Some people decide they want to keep their totaled car, whether because they can live with the damage, it has sentimental value or they simply can't afford a replacement vehicle. Before you pursue that option, make sure you understand the potential downsides and how your state's
regulates totaled cars:
  • You may be allowed to keep the car and repair it yourself, but the insurer will deduct from its payment the salvage amount it could have gotten, plus your deductible if the accident was your fault.
  • Know the full extent of damages and what they'll cost to repair. Your mechanic brother-in-law may cut you a great deal, but if he uncovers hidden problems, you'll be stuck. (That's why insurance companies are so cautious.)

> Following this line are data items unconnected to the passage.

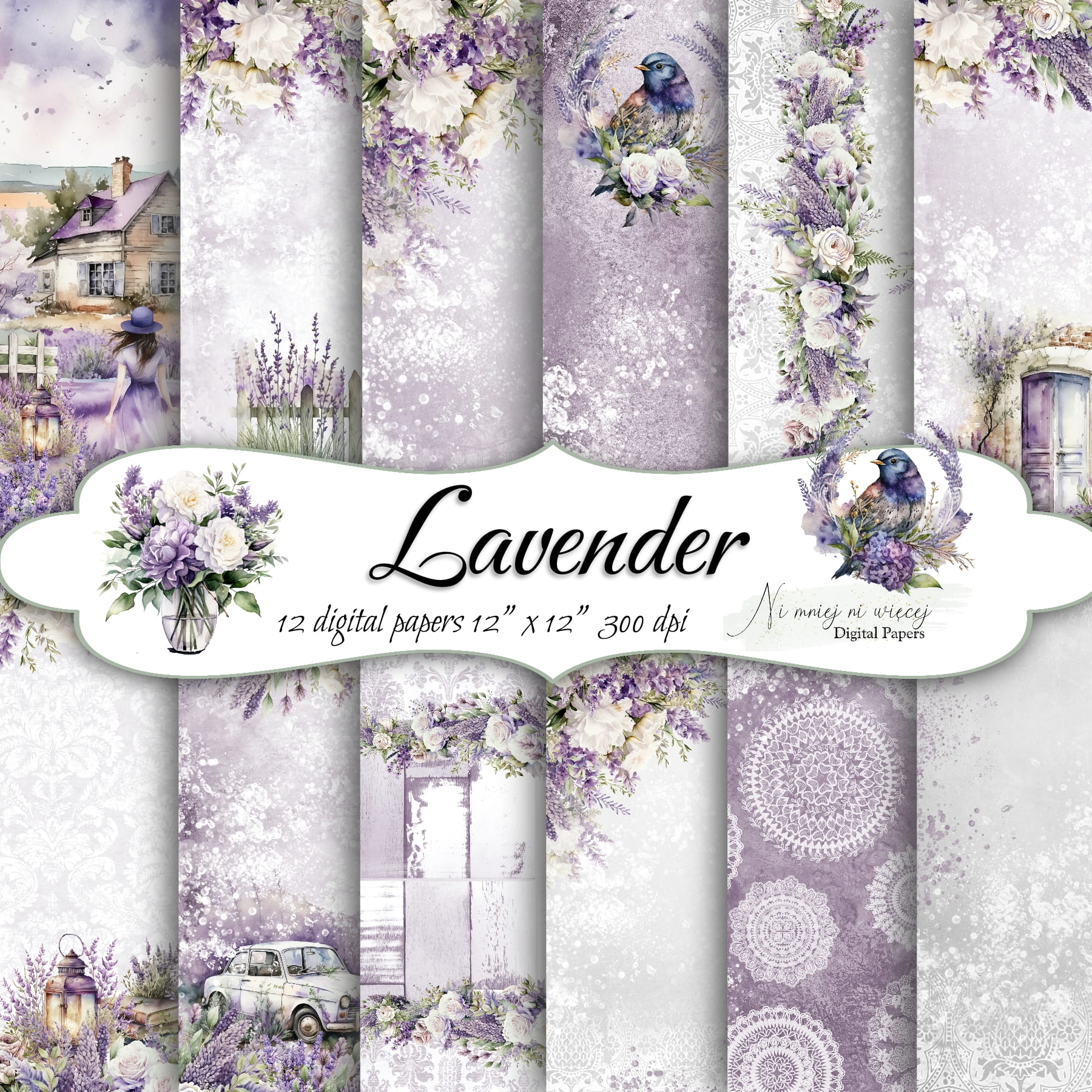 Kolekcja "Lavender" zawiera 12 arkuszy plików cyfrowych do wydruku w rozmiarze kwadrat. Pliki są wysokiej jakości 300DPI.
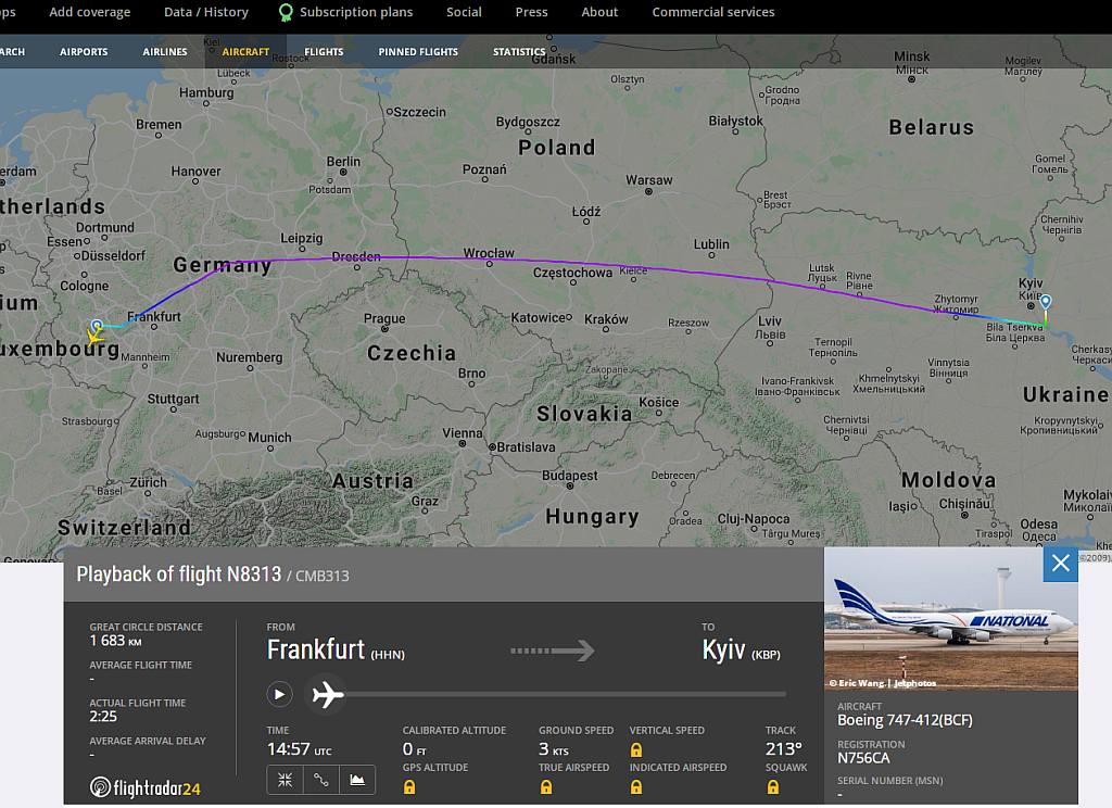 Вооружение перевозили самолетом с регистрационным знаком N756CA. Именно это воздушное судно ранее доставило в Украину и первую партию военной помощи – в ночь на 22 января.
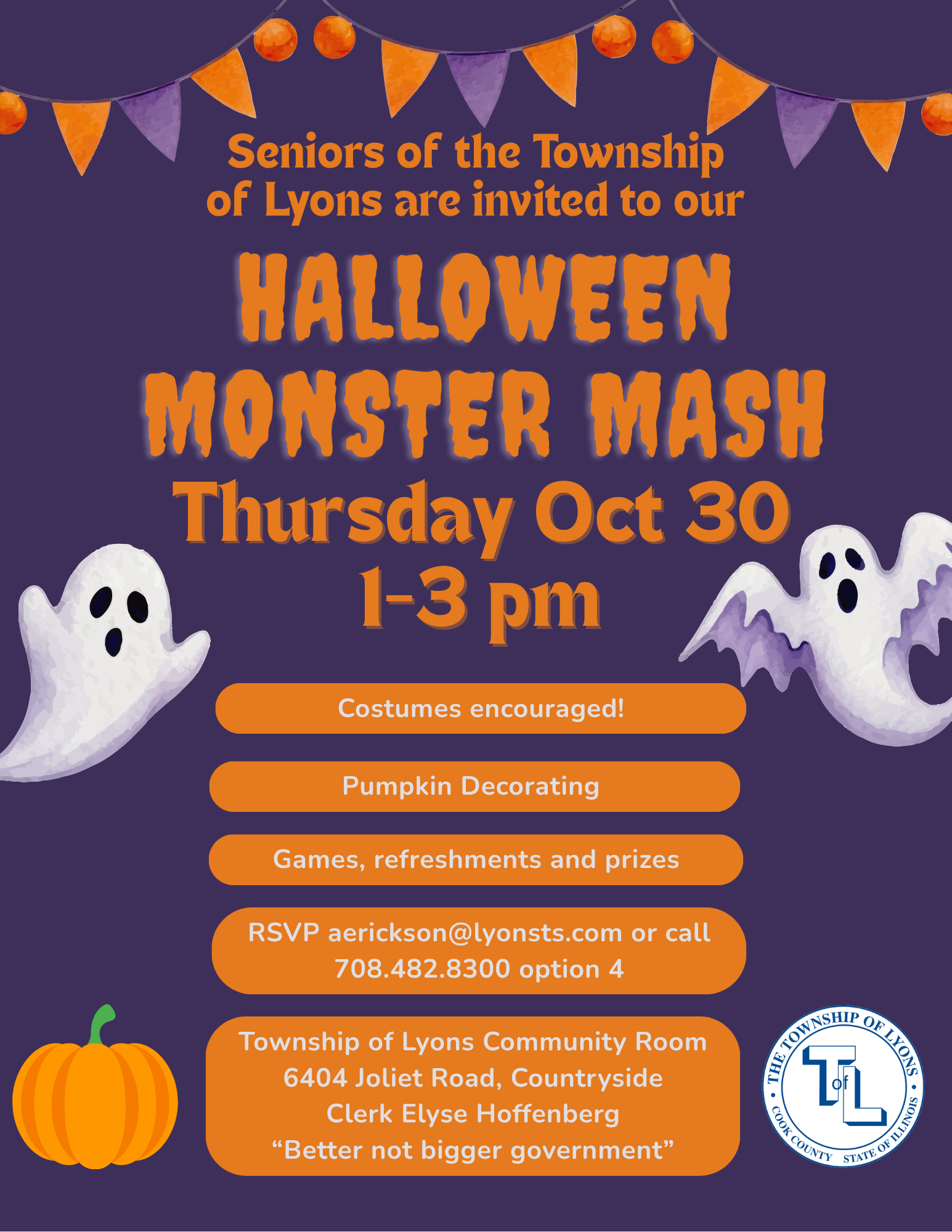 Come for a lively afternoon of games, refreshments and SPOOKY fun. Costumes encouraged but not required. Questions or RSVP aerickson@lyonsts.com or call 708.482.8300 option 4.
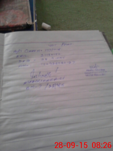 | Monitoring Date: 28-09-2015 | Start Time: 28-09-2015 08:00 AM | End Time: 28-09-2015 08:36 AM | Name of MEA: Ir**** Al**** BN**** 07 | |
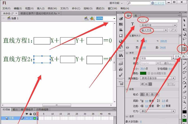 2、用上一步的方法,書寫直線2的方程,將3個輸入文本框的實例名稱取名為“A2_txt”、“B2_txt”和“C2_txt”。
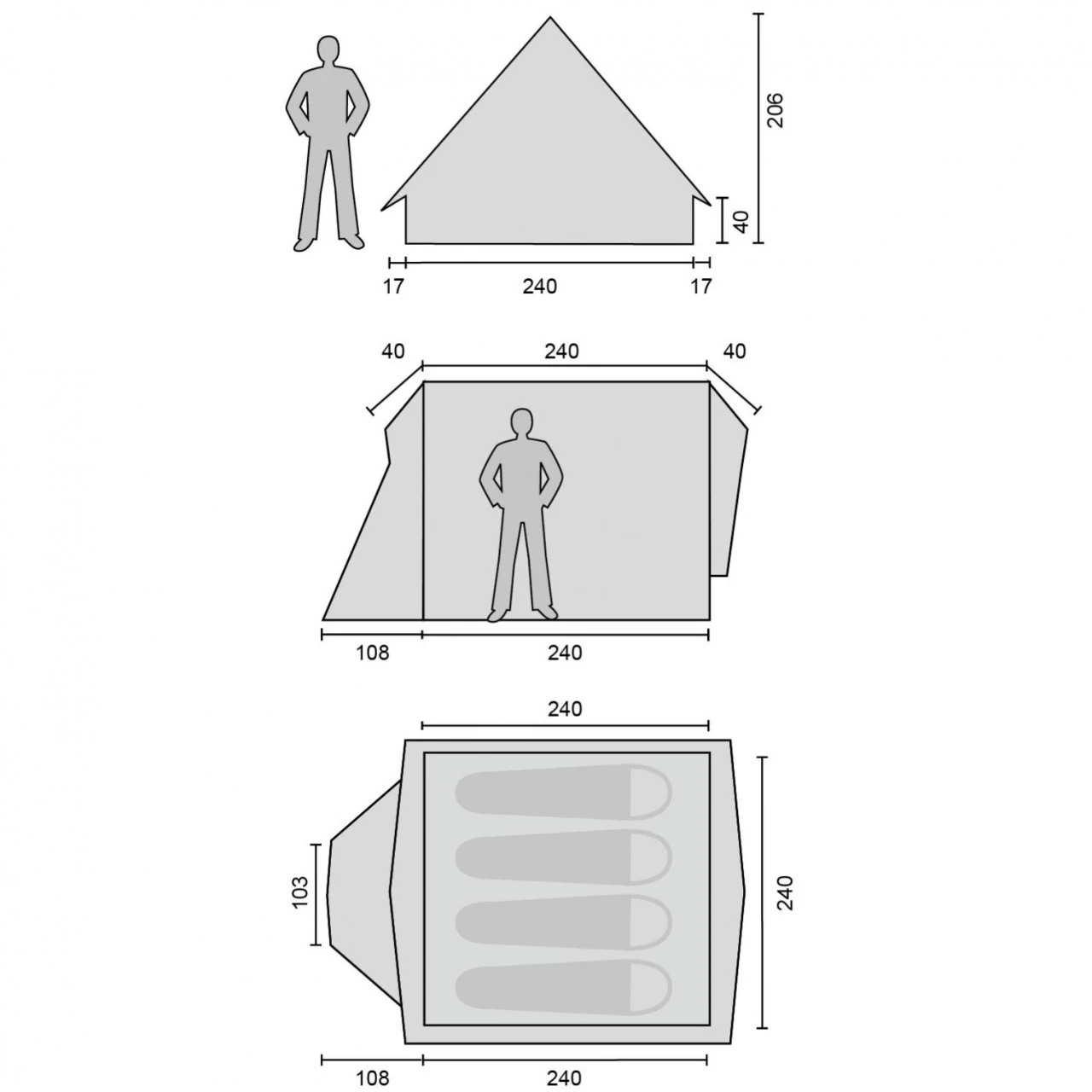Das Nordisk Vimur 5.6 Familienzelt ist ein 4-Personenzelt, welches einen großen Schlaf-/Wohnbereich hat und sich besonders leicht aufbauen lässt. Es besteht aus einem Baumwoll-Mischgewebe und hat eine hervorragende Belüftung und ein angenehmes Raumklima. In das Innere des Zeltes gelangst Du durch eine der beiden mit Mesh ausgestatteten Türen. Der Mesh-Einsatz dient gleichzeitig als Moskitoschutz und hilft Dir so Insekten aus dem Zelt fernzuhalten. Durch die beiden Türen und zwei Fenster fällt viel Licht in das geräumige Zelt. Außerdem sorgen die Zugänge zum Zelt für eine gute Luftzirkulation im Innenbereich. Darüber hinaus verfügt die Tür über eine versteckte Erweiterung, die entfaltet, zu einer zusätzlichen Apsis wird. Zu den weiteren Ausstattungsmerkmalen des Vimur 5.6 gehören mehrere Taschen im Innenbereich in denen Du deine Wertsachen, Zeitschriften, Smartphone oder Ähnliches verstauen kannst, eine Stehhöhe in der Mitte von 3 Metern und eine eingenähte Bodenwanne. Durch die A-förmige Stangenkonstruktion ohne störende Mittelstange entsteht eine „stangenfreie“ Optik. Zusätzlich lässt sich das Vimur 5.6 mit der Midgard-Serie in der Größe und Fläche erweitern.

  • You'll have to get a "rebuilt title" from the DMV certifying that the car is roadworthy. Always check first because some states don't allow rebuilt titles.
  • It may be difficult to resell your rebuilt car, since many people won't risk buying a car that's been in a major accident. Plus, some insurance companies won't insure them or offer only limited coverage.
  • Factor in replacement rental car costs, if needed, while the vehicle is being repaired.

Let's hope your car is never totaled, but it pays to know in advance what to do if it is.

This article is intended to provide general information and should not be considered legal, tax or financial advice. It's always a good idea to consult a legal, tax or financial advisor for specific information on how certain laws apply to you and about your individual financial situation.